REQUIRED ACTION: Return the following from the records below: each line, word for word, starting with the line that contains "14K ROSE GOLD, AQUAMARINE" and going on through the line that contains "新年圣诞节主题可爱手提食品包装袋小吃零食自立自封袋食品零食袋", with nothing outside that range.

EXERCISE MATERIAL:
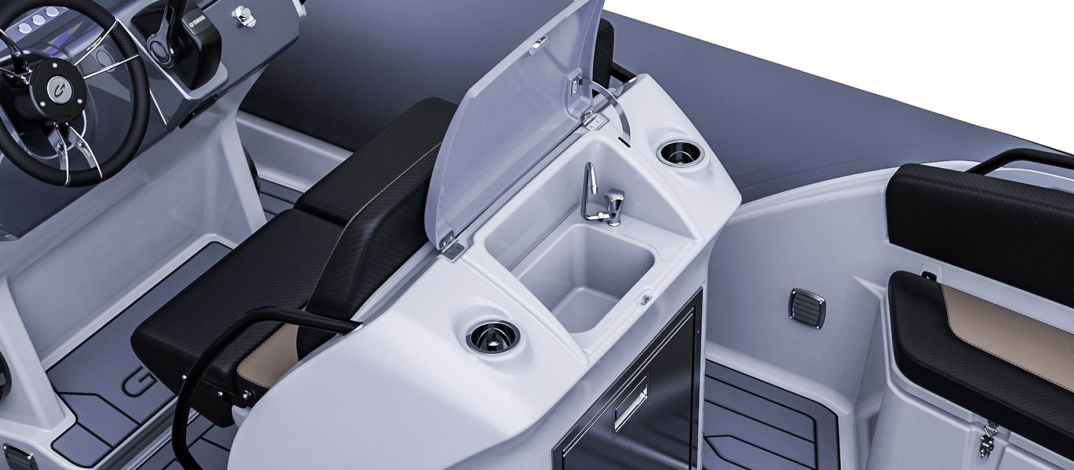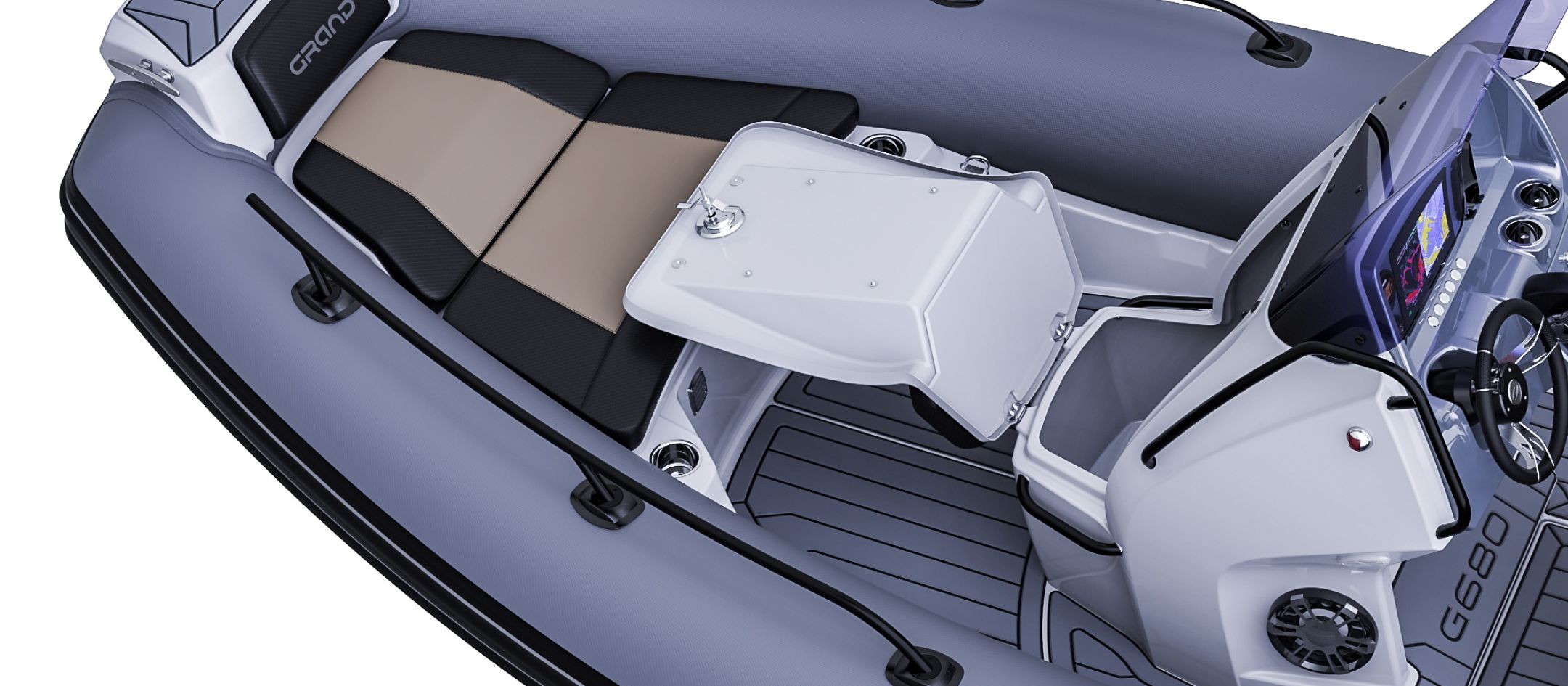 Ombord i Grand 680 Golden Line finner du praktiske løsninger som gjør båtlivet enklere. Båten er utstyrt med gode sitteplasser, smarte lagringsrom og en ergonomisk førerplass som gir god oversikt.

==

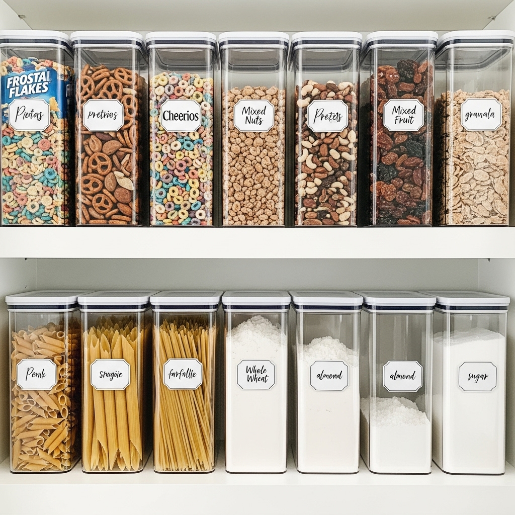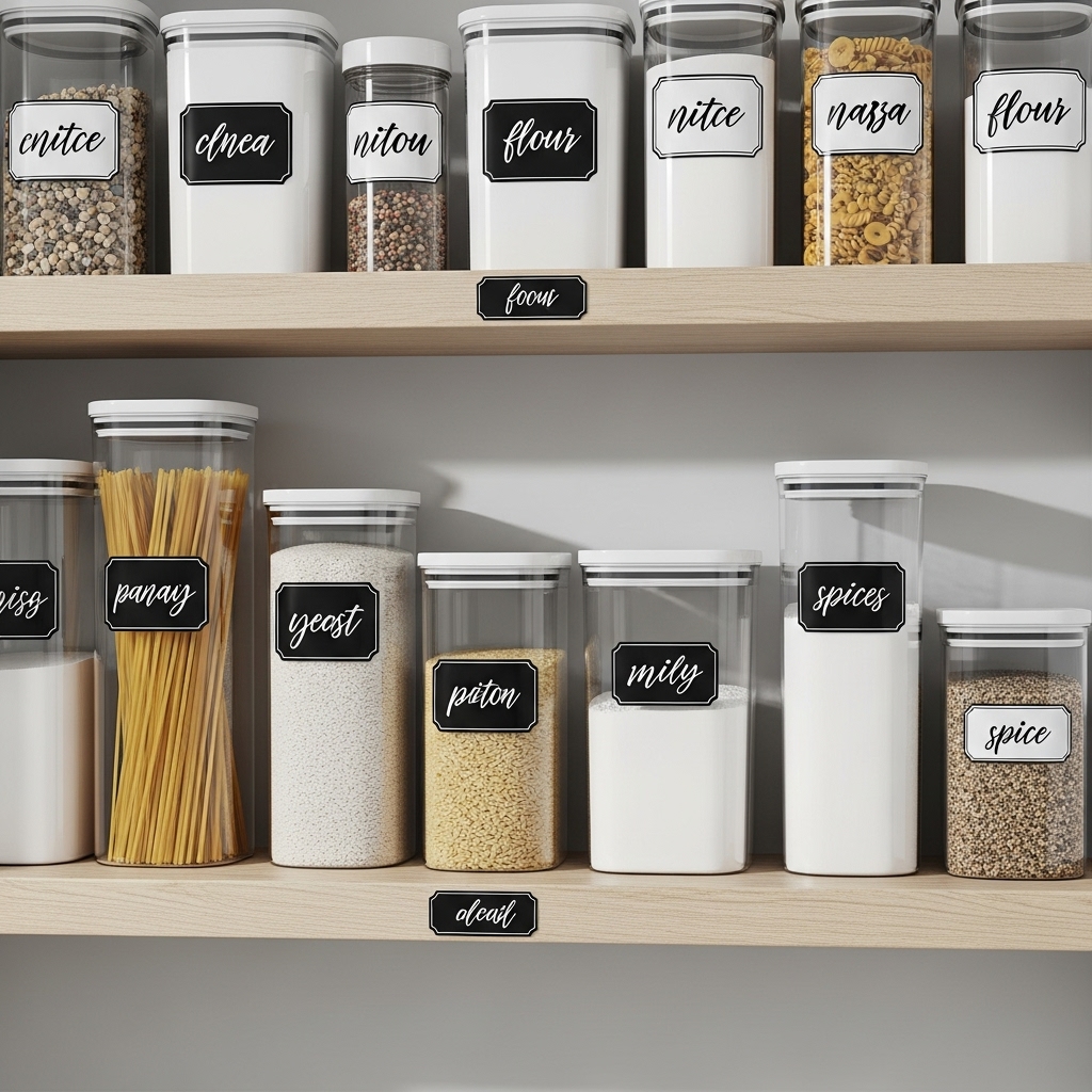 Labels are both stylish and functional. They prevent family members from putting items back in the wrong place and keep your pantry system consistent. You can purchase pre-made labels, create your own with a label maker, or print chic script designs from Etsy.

==

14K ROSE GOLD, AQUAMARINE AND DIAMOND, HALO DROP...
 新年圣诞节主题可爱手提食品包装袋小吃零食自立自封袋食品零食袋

SOLUTION TO THE PROBLEM:
14K ROSE GOLD, AQUAMARINE AND DIAMOND, HALO DROP...
 新年圣诞节主题可爱手提食品包装袋小吃零食自立自封袋食品零食袋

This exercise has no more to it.